--- WHAT YOU NEED TO DO ---
Leave out the pictures and print the records below exactly.

--- DATA SUPPLIED ---
========================================================================

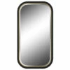 Bask in the brightening, reflective design of this beveled mirror when you check your look. A silvertone wooden frame protects the edges of this mirror while blending into it for a smooth transition, and etched detailing lends your space toward a glamorous, contemporary look.
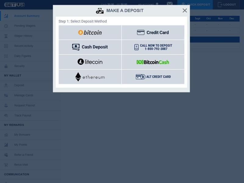 Все транзакции осуществляются в долларах США, а также в криптовалюте. Для карт Visa, Mastercard и American Express минимальный депозит составляет 10 долларов, а максимальный — 2499 долларов. Для криптовалют минимальный депозит составляет 10 долларов, а максимальный — 50 000 долларов. Комиссия за пополнение счета отсутствует, а для банковских переводов необходимо связаться со службой поддержки.
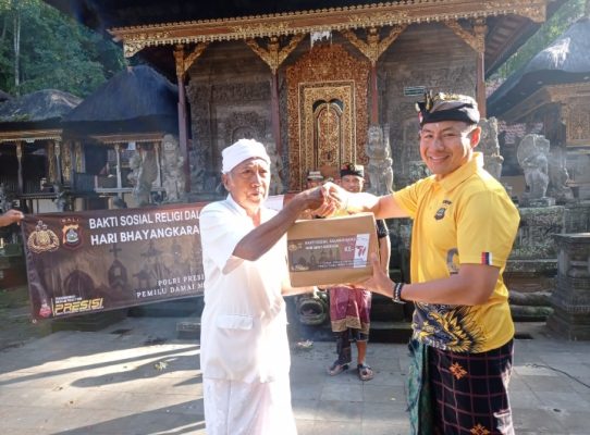 Pihak pengurus dan Pemangku pura setempat mengapresiasi kegiatan Bakti Sosial Religi yang diselenggarakan Polres Bangli dan mengucapkan selamat hari Bhayangkara ke – 77 semoga Polri jaya kedepannya
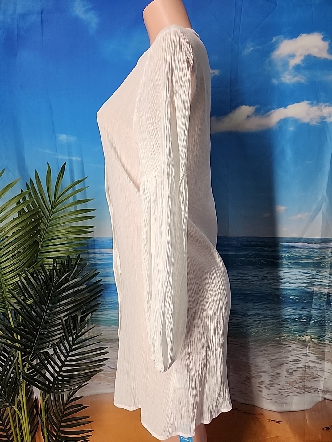 NWT Cupshe Beach Swim Cover Up White Sheer Size Medium Long Sleeve
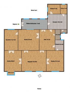A 37 m²-es nappali és a több, különnyíló szoba világos, ÉK és DNy tájolású, utcai és belső kertre néző ablakokkal.
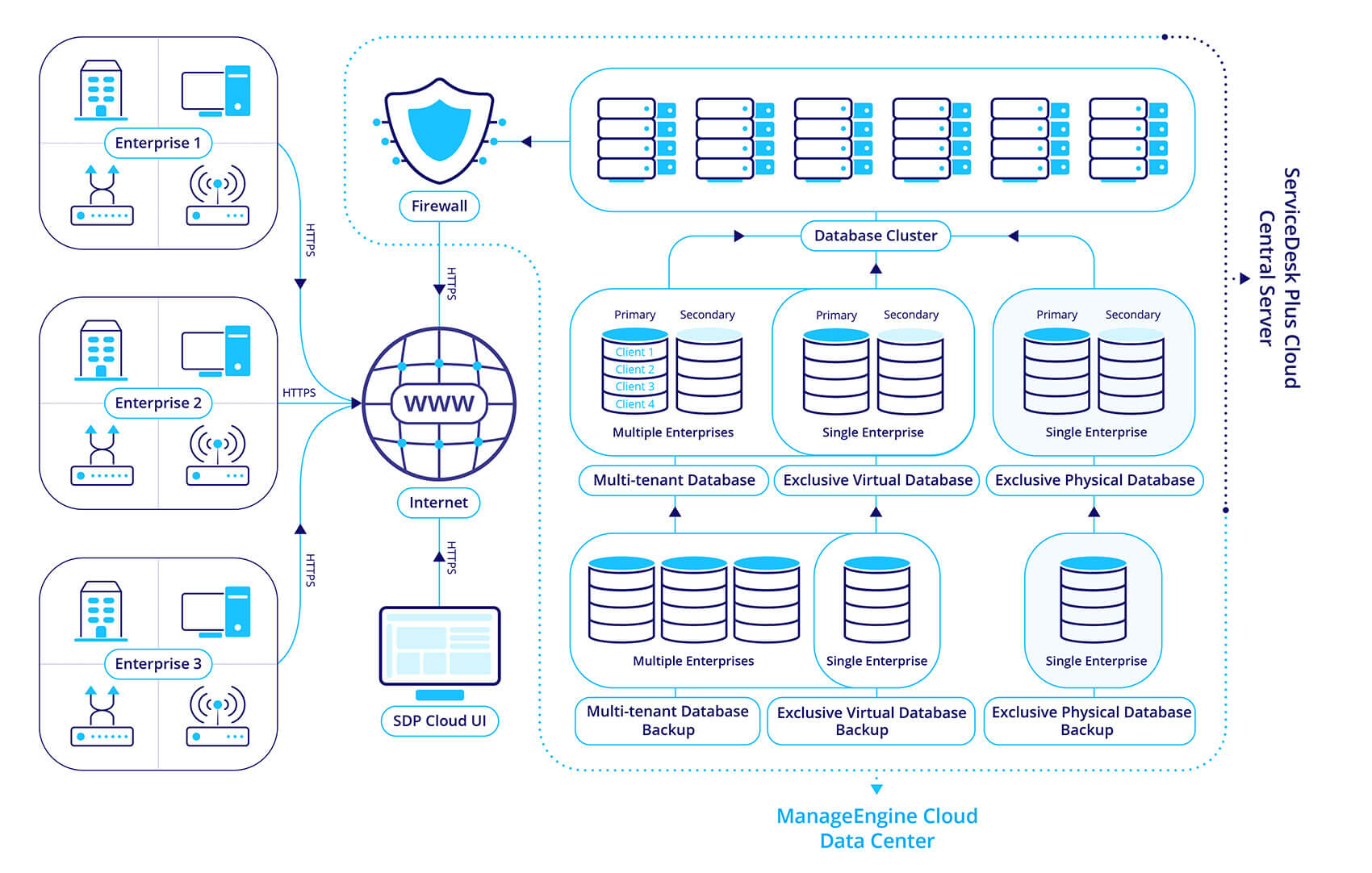 Решение ServiceDesk Plus Cloud размещено в собственных центрах обработки данных ManageEngine по всему миру. Пространства для хранения данных для каждого предприятия логическим образом разделены на разделы в многопользовательской базе данных, которая размещена в кластере физических серверов, за счет чего обеспечивается конфиденциальность данных каждого клиента. Такая общедоступная облачная многопользовательская платформа обеспечивает ряд преимуществ: Предприятия могут отказаться от ряда требований к ресурсам, таких как наличие штата сотрудников, затраты средств и времени, связанные с настройкой инфраструктуры серверов для локального программного обеспечения, а также могут быстро и с легкостью переносить и настраивать приложения благодаря автоматической регистрации доменов и поддоменов.
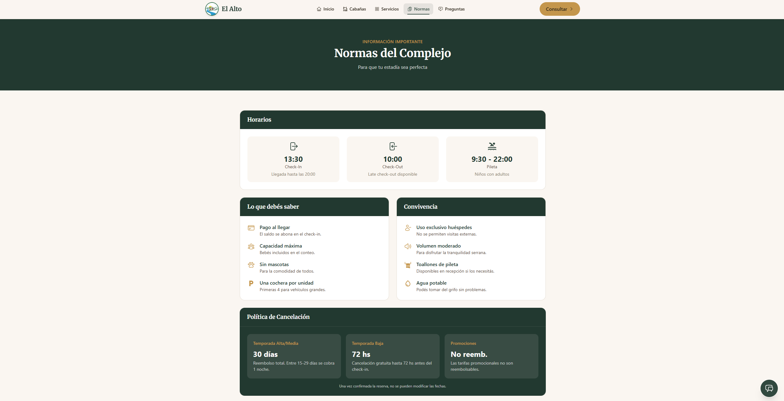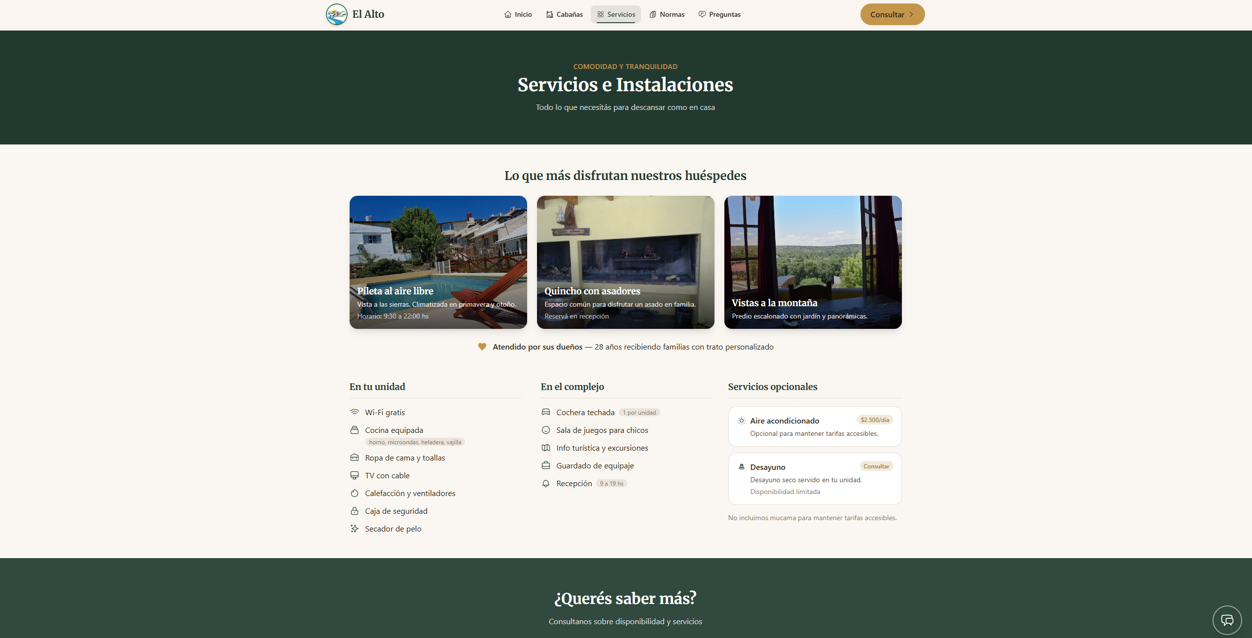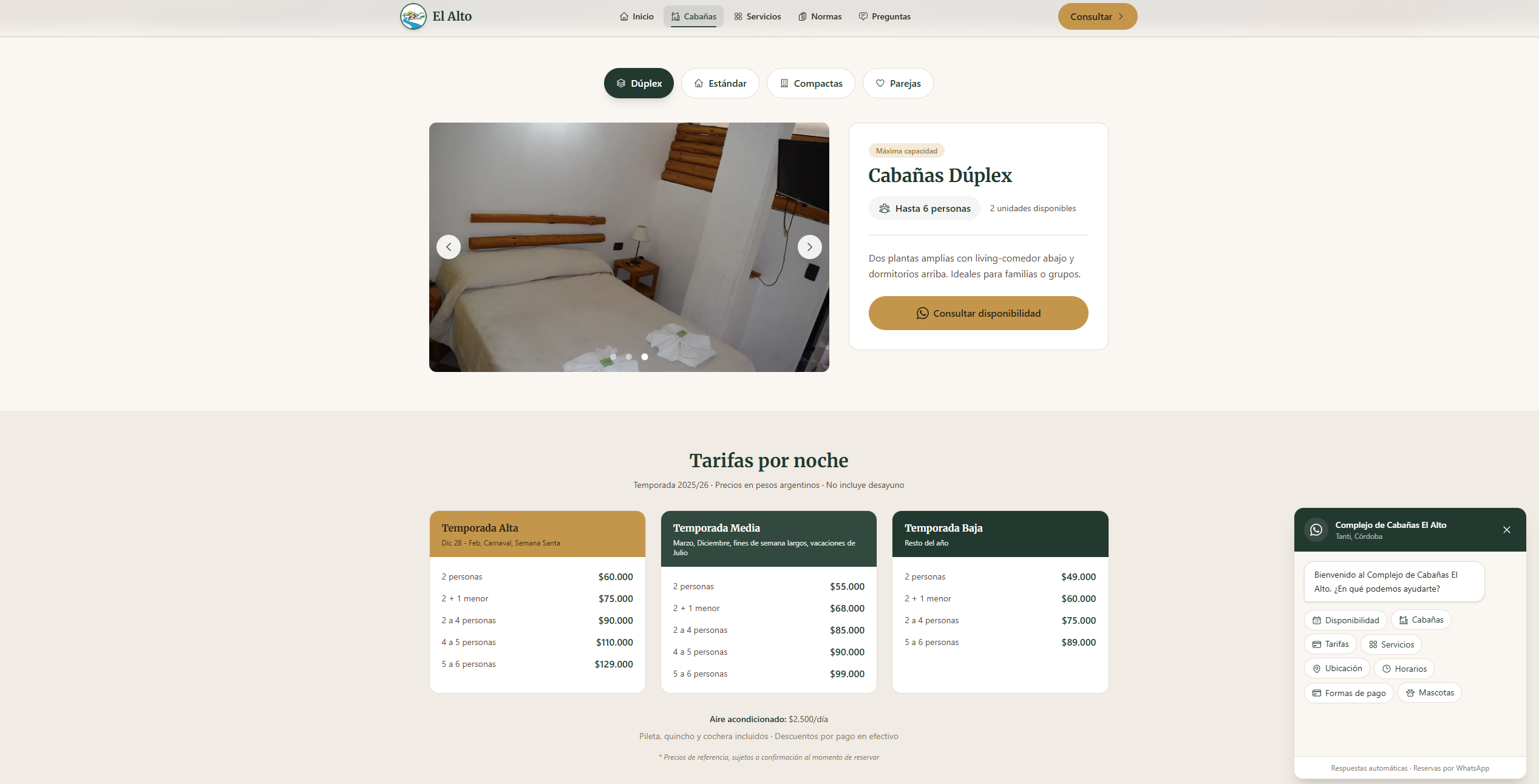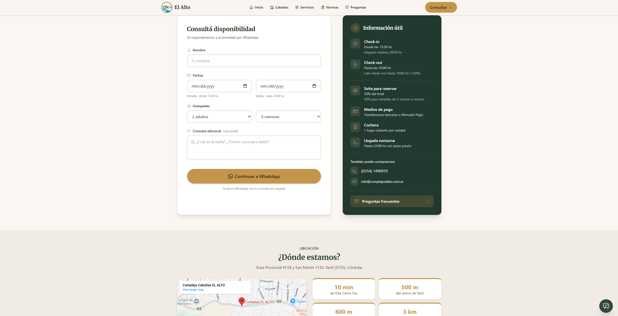 Website for a cabin rental complex in Tanti, Córdoba, Argentina. Built a chatbot-style contact form that collects dates and guest count before opening WhatsApp, solving the problem of empty 'Hola' messages. Integrated Sanity CMS for self-service price updates and Google Analytics for conversion tracking.
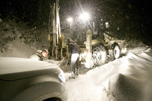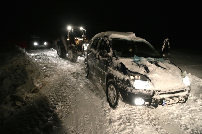 İhbar üzerine iş makinaları ile yola çıkan ekipler, yaklaşık 5 saat süren zorlu yolculuğun ardından yaylaya ulaştı. Ekipler 1,5 metre kar olan bölgede bir vatandaşın traktörünün de yardımıyla mahsur kalan 11 kişinin araçlarını buldu.
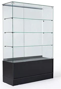Merchandisers utilize the open design of this freestanding display case to increase product visibility in any retail environment. With a high-end, frameless, design this glass showcase features quality construction at an affordable price point. This frameless fixture maximizes exposure by enabling customers to view merchandise from all multiple angles without aluminum or wooden edges obscuring their view. Small aesthetic choices such as utilizing these freestanding display cases will improve the overall ambiance of any business. Retailers, schools, and various other businesses use these fixtures to showcase trophies, antiques, electronics, and high-end specialty products.
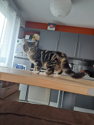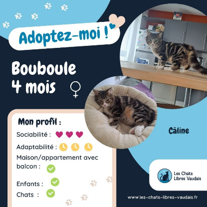 Bouboule a 4 mois, c’est une chatoune vraiment adorable ! Aussi belle que gentille, Bouboule a toutes les qualités du parfait chaton : joueuse, gourmande, câline. Son activité favorite est de monter dans l’étendoir à linge! Egalement, elle saura vous faire ses beaux yeux pour une gourmandise ou de la pâtée. Et entre nous, comment lui résister ? Bouboule aime aussi beaucoup ses humains, avec lesquels elle aime passer du temps sur le canapé. Nous ne trouvons donc aucun défaut à Bouboule, il faut le voir pour le croire !
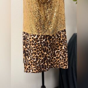Trendy Southern Style Sequin & Leopard Print Tunic - Size Medium
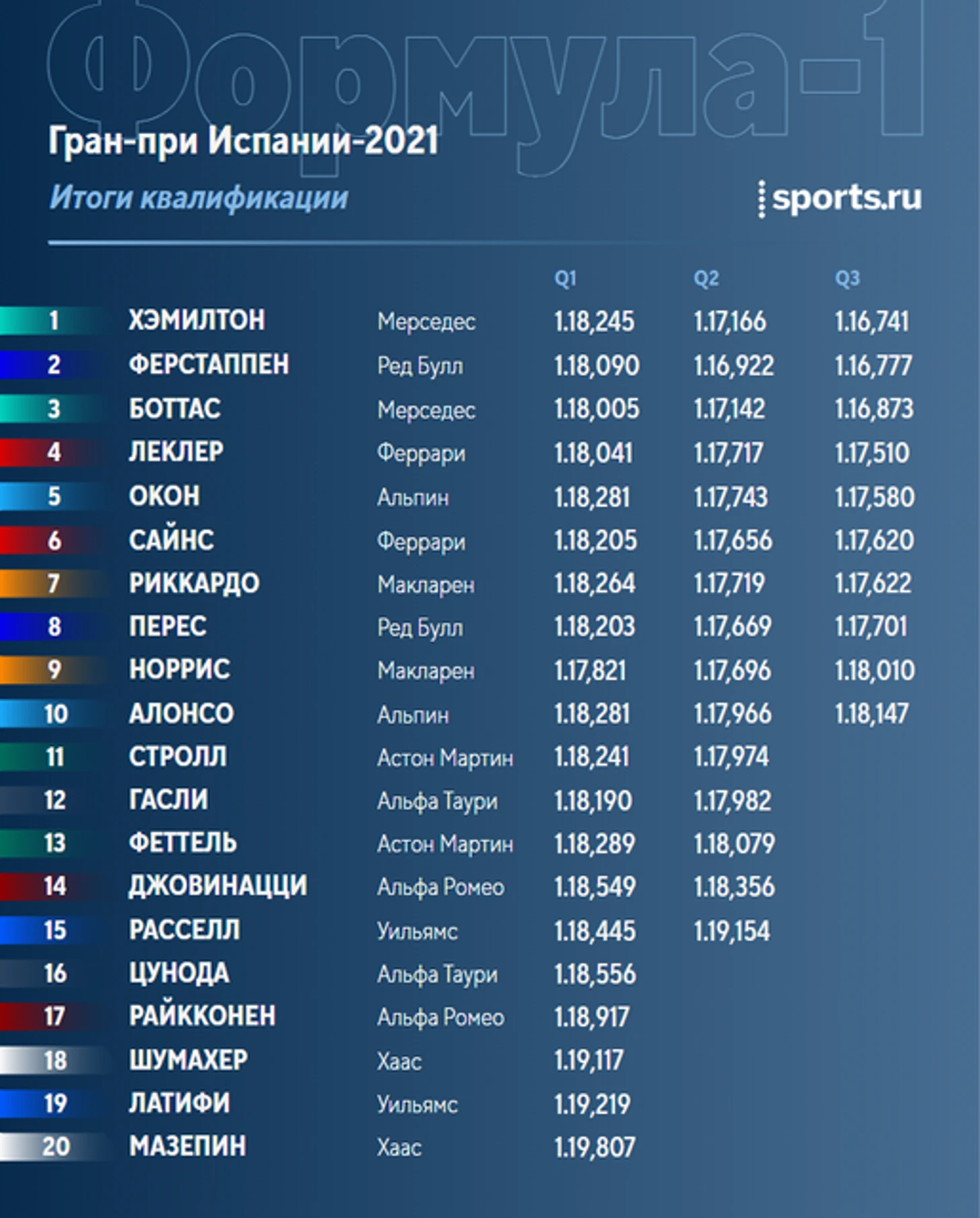Хэмилтон выиграл поул в Испании, Ферстаппен – второй, Мазепин – последний
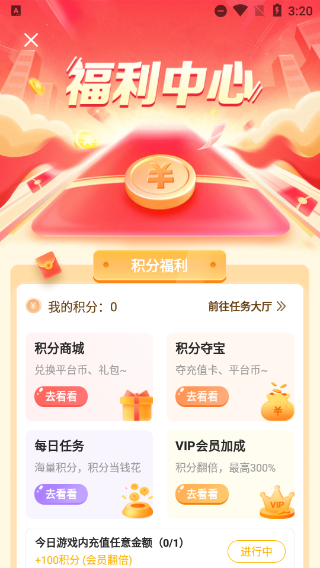 用户参与获得即可获得相应的积分奖励,获得的积分可以免费兑换平台币、充值卡等奖励,免费对游戏进行充值
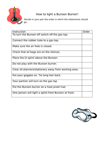 How to light a bunsen burner worksheet
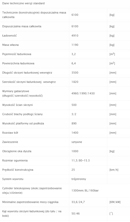 Przyczepa rolnicza jednoosiowa PRONAR T654/2 5T
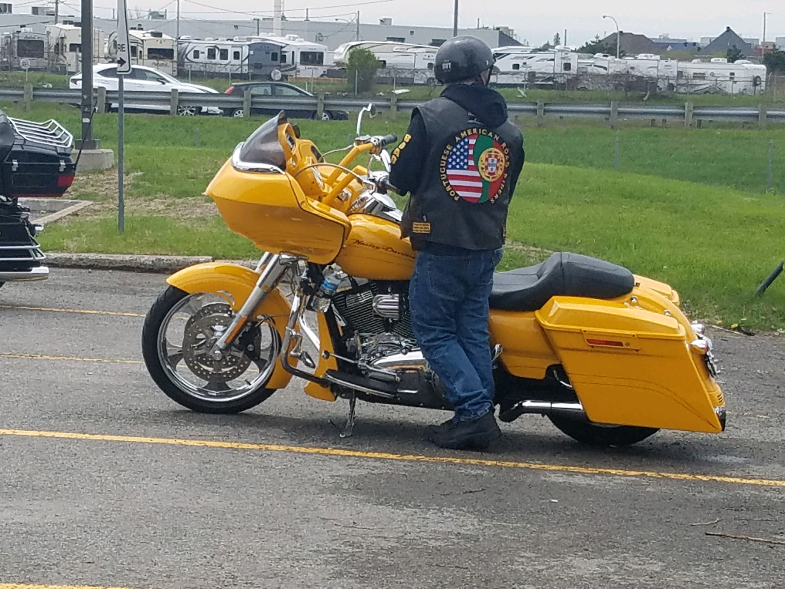 Yellow 2012 Harley Davison Road glide

========================================================================

--- TASK RESPONSE ---
 Bask in the brightening, reflective design of this beveled mirror when you check your look. A silvertone wooden frame protects the edges of this mirror while blending into it for a smooth transition, and etched detailing lends your space toward a glamorous, contemporary look.
 Все транзакции осуществляются в долларах США, а также в криптовалюте. Для карт Visa, Mastercard и American Express минимальный депозит составляет 10 долларов, а максимальный — 2499 долларов. Для криптовалют минимальный депозит составляет 10 долларов, а максимальный — 50 000 долларов. Комиссия за пополнение счета отсутствует, а для банковских переводов необходимо связаться со службой поддержки.
 Pihak pengurus dan Pemangku pura setempat mengapresiasi kegiatan Bakti Sosial Religi yang diselenggarakan Polres Bangli dan mengucapkan selamat hari Bhayangkara ke – 77 semoga Polri jaya kedepannya
 NWT Cupshe Beach Swim Cover Up White Sheer Size Medium Long Sleeve
A 37 m²-es nappali és a több, különnyíló szoba világos, ÉK és DNy tájolású, utcai és belső kertre néző ablakokkal.
 Решение ServiceDesk Plus Cloud размещено в собственных центрах обработки данных ManageEngine по всему миру. Пространства для хранения данных для каждого предприятия логическим образом разделены на разделы в многопользовательской базе данных, которая размещена в кластере физических серверов, за счет чего обеспечивается конфиденциальность данных каждого клиента. Такая общедоступная облачная многопользовательская платформа обеспечивает ряд преимуществ: Предприятия могут отказаться от ряда требований к ресурсам, таких как наличие штата сотрудников, затраты средств и времени, связанные с настройкой инфраструктуры серверов для локального программного обеспечения, а также могут быстро и с легкостью переносить и настраивать приложения благодаря автоматической регистрации доменов и поддоменов.
 Website for a cabin rental complex in Tanti, Córdoba, Argentina. Built a chatbot-style contact form that collects dates and guest count before opening WhatsApp, solving the problem of empty 'Hola' messages. Integrated Sanity CMS for self-service price updates and Google Analytics for conversion tracking.
 İhbar üzerine iş makinaları ile yola çıkan ekipler, yaklaşık 5 saat süren zorlu yolculuğun ardından yaylaya ulaştı. Ekipler 1,5 metre kar olan bölgede bir vatandaşın traktörünün de yardımıyla mahsur kalan 11 kişinin araçlarını buldu.
Merchandisers utilize the open design of this freestanding display case to increase product visibility in any retail environment. With a high-end, frameless, design this glass showcase features quality construction at an affordable price point. This frameless fixture maximizes exposure by enabling customers to view merchandise from all multiple angles without aluminum or wooden edges obscuring their view. Small aesthetic choices such as utilizing these freestanding display cases will improve the overall ambiance of any business. Retailers, schools, and various other businesses use these fixtures to showcase trophies, antiques, electronics, and high-end specialty products.
 Bouboule a 4 mois, c’est une chatoune vraiment adorable ! Aussi belle que gentille, Bouboule a toutes les qualités du parfait chaton : joueuse, gourmande, câline. Son activité favorite est de monter dans l’étendoir à linge! Egalement, elle saura vous faire ses beaux yeux pour une gourmandise ou de la pâtée. Et entre nous, comment lui résister ? Bouboule aime aussi beaucoup ses humains, avec lesquels elle aime passer du temps sur le canapé. Nous ne trouvons donc aucun défaut à Bouboule, il faut le voir pour le croire !
Trendy Southern Style Sequin & Leopard Print Tunic - Size Medium
Хэмилтон выиграл поул в Испании, Ферстаппен – второй, Мазепин – последний
 用户参与获得即可获得相应的积分奖励,获得的积分可以免费兑换平台币、充值卡等奖励,免费对游戏进行充值
 How to light a bunsen burner worksheet
 Przyczepa rolnicza jednoosiowa PRONAR T654/2 5T
 Yellow 2012 Harley Davison Road glide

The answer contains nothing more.